Task prompt: A picture should never appear in your copy. Transcribe the listing exactly from its first line through the line with "As irregularidades –", both ends included.

Materials provided:

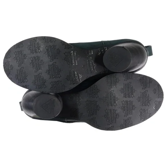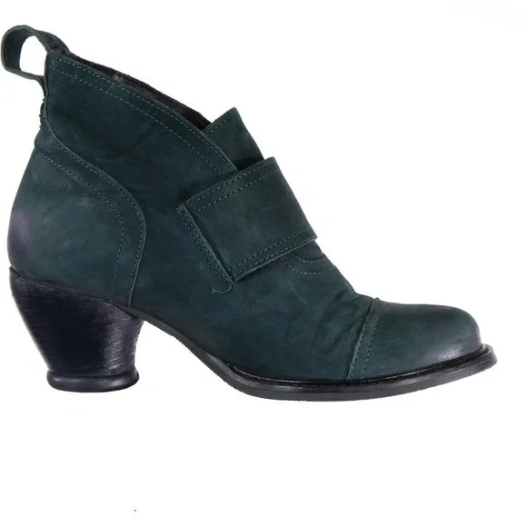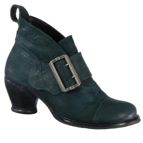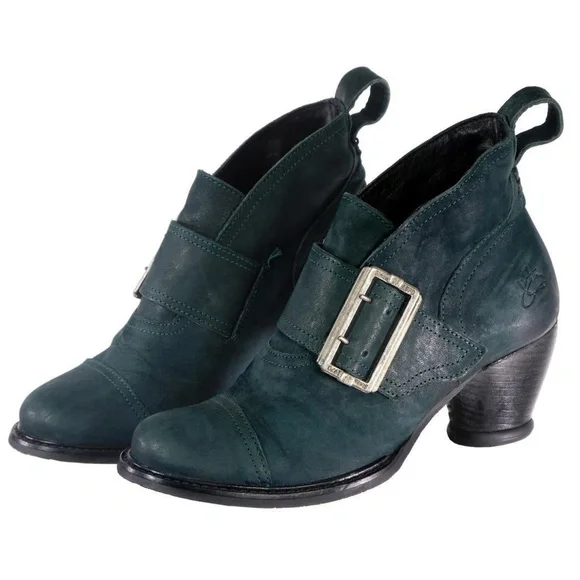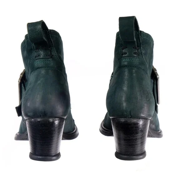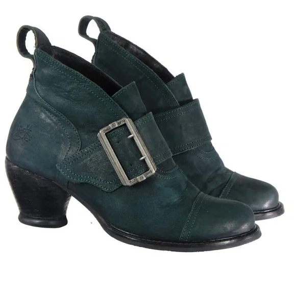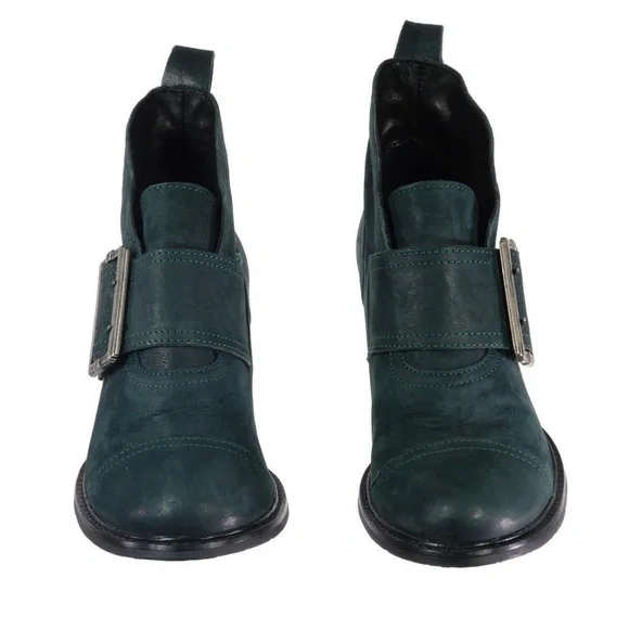 Women´s JOHN FLUEVOG ´East End Porter´ buckled ankle boots. Marked size 8. Peacock green nubuck leather uppers with decorative captoe accents. Lined with calfskin....
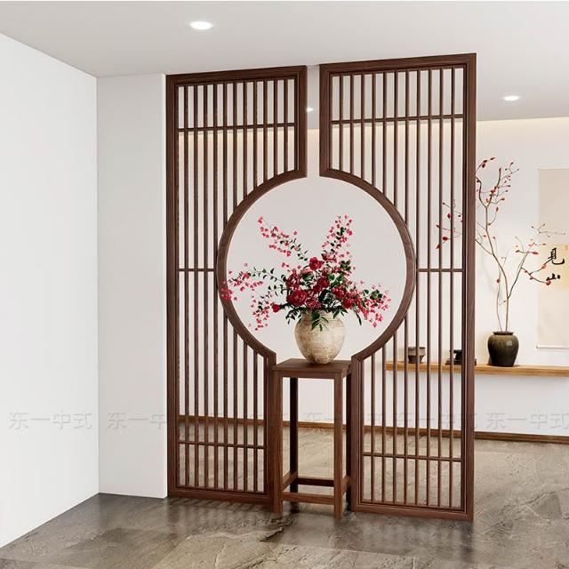 新中式實木屏風隔斷推拉移門客廳臥室遮擋入戶玄關花格木格柵定制
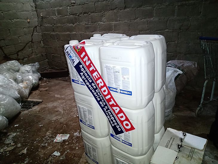 As irregularidades – Pela Adeal, houve autuação de nove estabelecimentos que comercializavam irregularmente produtos perigosos. As irregularidades encontradas foram falta de autorização legal para comércio de agrotóxico (registro na agência), fracionamento em garrafas pets, armazenamento em desacordo com a legislação e produto vencido. Por essa razão, houve a interdição dos agrotóxicos, o que significa a proibição de os estabelecimentos venderem os produtos interditados até regularizarem o comércio.
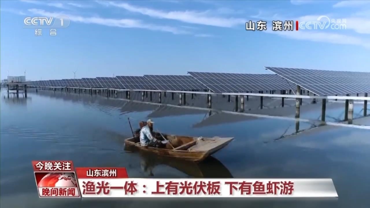 我們現(xiàn)在從陸地轉(zhuǎn)向水域,在山東濱州沾化的這個鹽田蝦養(yǎng)殖區(qū)里,蝦池上方是藍色光伏板,25度傾斜角的設計,既能達到最佳發(fā)電效果,又能為蝦池遮光、降溫。光伏矩陣下,漁民撐一葉小舟為蝦苗投喂餌料。每年,2000萬尾鹽田蝦從這里游上全國餐桌,近4億度清潔綠電并入電網(wǎng)。養(yǎng)殖業(yè)牽手新能源,奏出新時代的漁光曲。
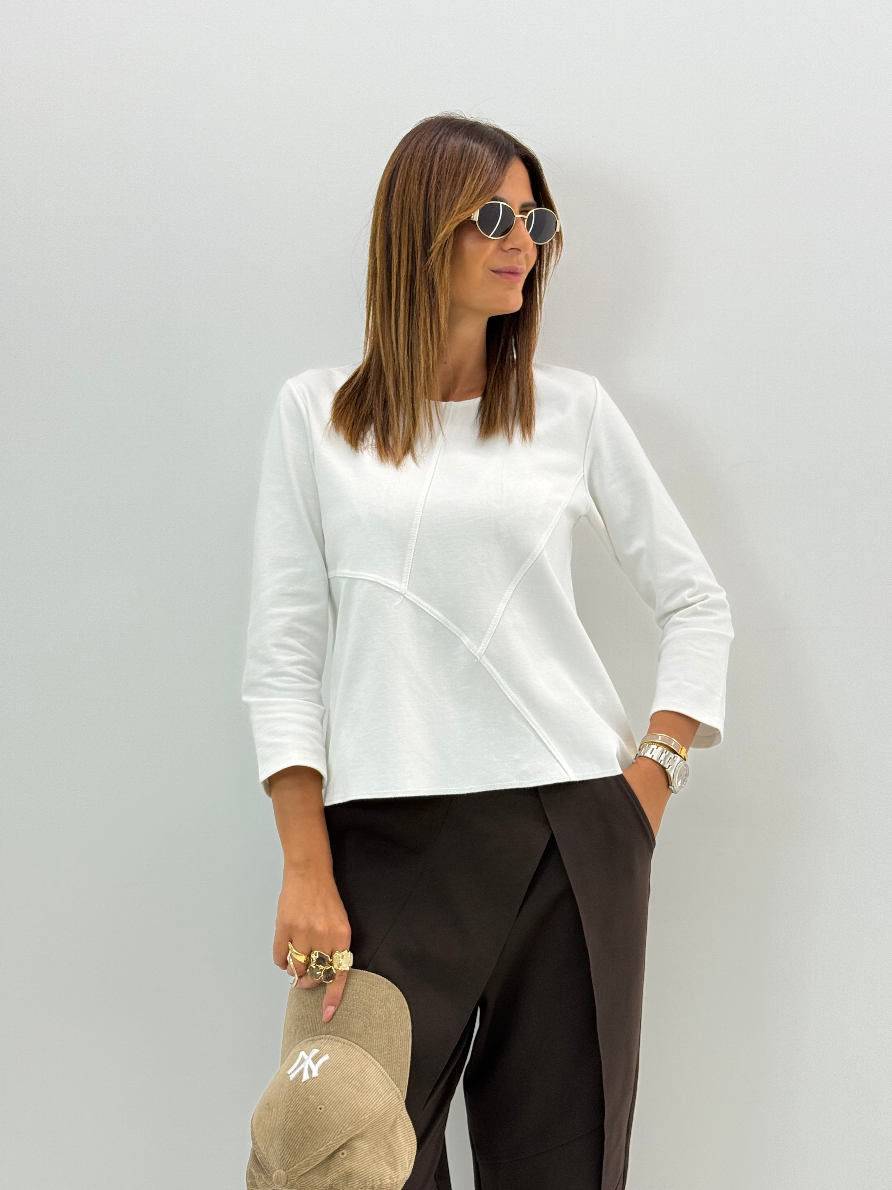 Blusa in punto Milano, cuciture a vista. Scollo rotondo, spacchetto dietro. Vestibilità comoda.
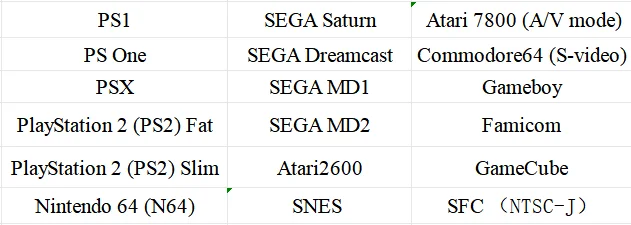 RetroScaler2x Supported Console (but not limited to):
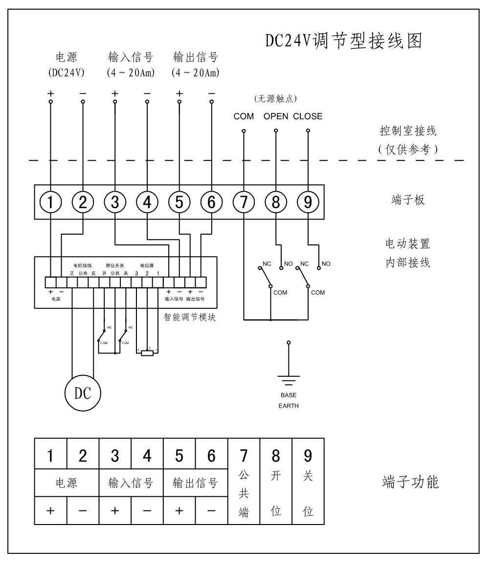 DC24V調(diào)節(jié)型電動蝶閥接線圖(4-20mA)
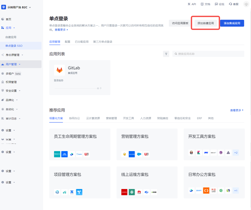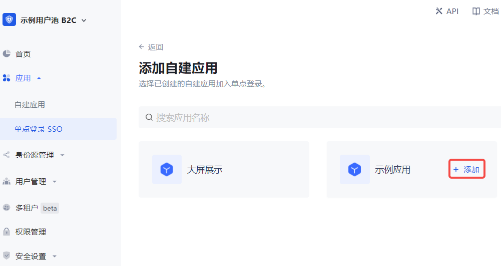 - 用户进入 应用->单点登录 SSO,点击页面右上角 添加自建应用。
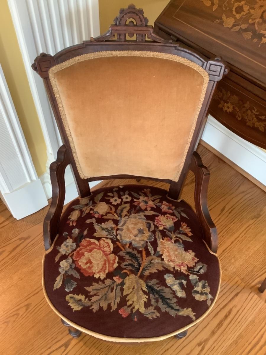 With Eastlake Needlepoint Chair measuring 37” high x 17” wide x 17” seat depth x 16.5” floor to seat depth

Exercise answer:
 Women´s JOHN FLUEVOG ´East End Porter´ buckled ankle boots. Marked size 8. Peacock green nubuck leather uppers with decorative captoe accents. Lined with calfskin....
 新中式實木屏風隔斷推拉移門客廳臥室遮擋入戶玄關花格木格柵定制
 As irregularidades – Pela Adeal, houve autuação de nove estabelecimentos que comercializavam irregularmente produtos perigosos. As irregularidades encontradas foram falta de autorização legal para comércio de agrotóxico (registro na agência), fracionamento em garrafas pets, armazenamento em desacordo com a legislação e produto vencido. Por essa razão, houve a interdição dos agrotóxicos, o que significa a proibição de os estabelecimentos venderem os produtos interditados até regularizarem o comércio.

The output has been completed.